A ring of chairs (for the fire later) or from inside the house, logs for the fire or other comfortable perches were arranged in a circle around the fire for the adults. I can’t say I saw any alcohol but then I was a wee innocent back then. Dad was in charge of the fireworks and he managed to let his inner child run free and he slipped the Chinese Tom Thumbs loose behind the adults to see them jump too. I loved the Catherine Wheels, but then I loved it all.

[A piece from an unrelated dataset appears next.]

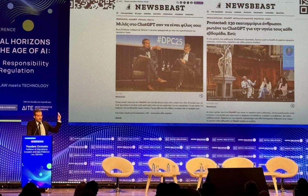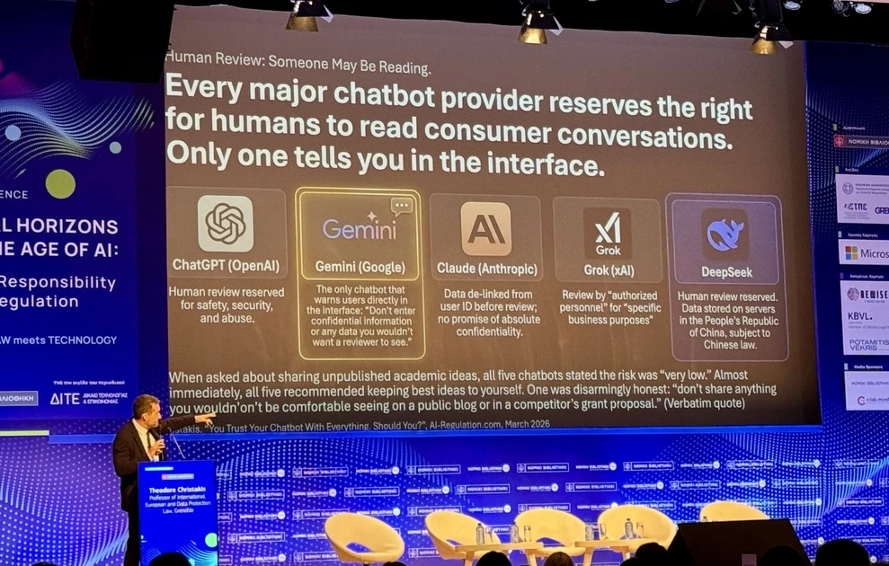 Εμπιστεύεστε τυφλά το Chatbot σας; Λέτε τα πάντα στο ChatGPT, στο Gemini, το DeepSeek ή τα άλλα προγράμματα τεχνητής νοημοσύνης; Χμ… Ίσως θα πρέπει να το ξανασκεφτείτε. Τουλάχιστον όσοι παρακολούθησαν τη σημερινή άκρως κατατοπιστική ομιλία του καθηγητή Διεθνούς, Ευρωπαϊκού και Ψηφιακού Δικαίου στο γαλλικό Πανεπιστήμιο Grenoble Alpes όπου κατέχει την έδρα Responsible AI και Διευθυντή του φημισμένου Κέντρου Διεθνούς Ασφάλειας και Ευρωπαϊκών Σπουδών (CESICE), του κ. Θεόδωρου Χριστάκη, έφυγαν προβληματισμένοι για το εάν και κατά πόσο θα πρέπει να είμαστε τόσο διαχυτικοί στις γραπτές ή προφορικές συνομιλίες που έχουμε με τέτοιου είδους προγράμματα Τεχνικής Νοημοσύνης (AI).

The smell of the fire, the toasty feel of the heat on your face, the excitement as the fire burned brightly and the whiz, bang and whirr of the fire works, plus the parade of ‘goodies’ throughout the evening, on a cold chilly night was almost indescribable.  There was always a “hurrah” from almost everyone as poor old Fawkes succumbed to the flames but I still felt sorry for him.

Parents finally chivvied children in to bathe and bed, still excited and wide-eyed and seeing the fire glow from your window it was hard to fall asleep. Truthfully I was caught on more than one occasion hanging from my bedroom window watching the flames still burning brightly.

Guy Fawkes

image from http://www.theguardian.com     Standing around the bonfire on Guy Fawkes night

This then was the bonfire night or Guy Fawkes night of my childhood. After the long reminiscing last night I really wanted to share with you a highlight from my childhood days when fun and frivolity were just that, simple and light-hearted with no one getting hurt or playing cruel pranks. That came later, but not when we enjoyed it. I hope you can get an idea of what it was like for us.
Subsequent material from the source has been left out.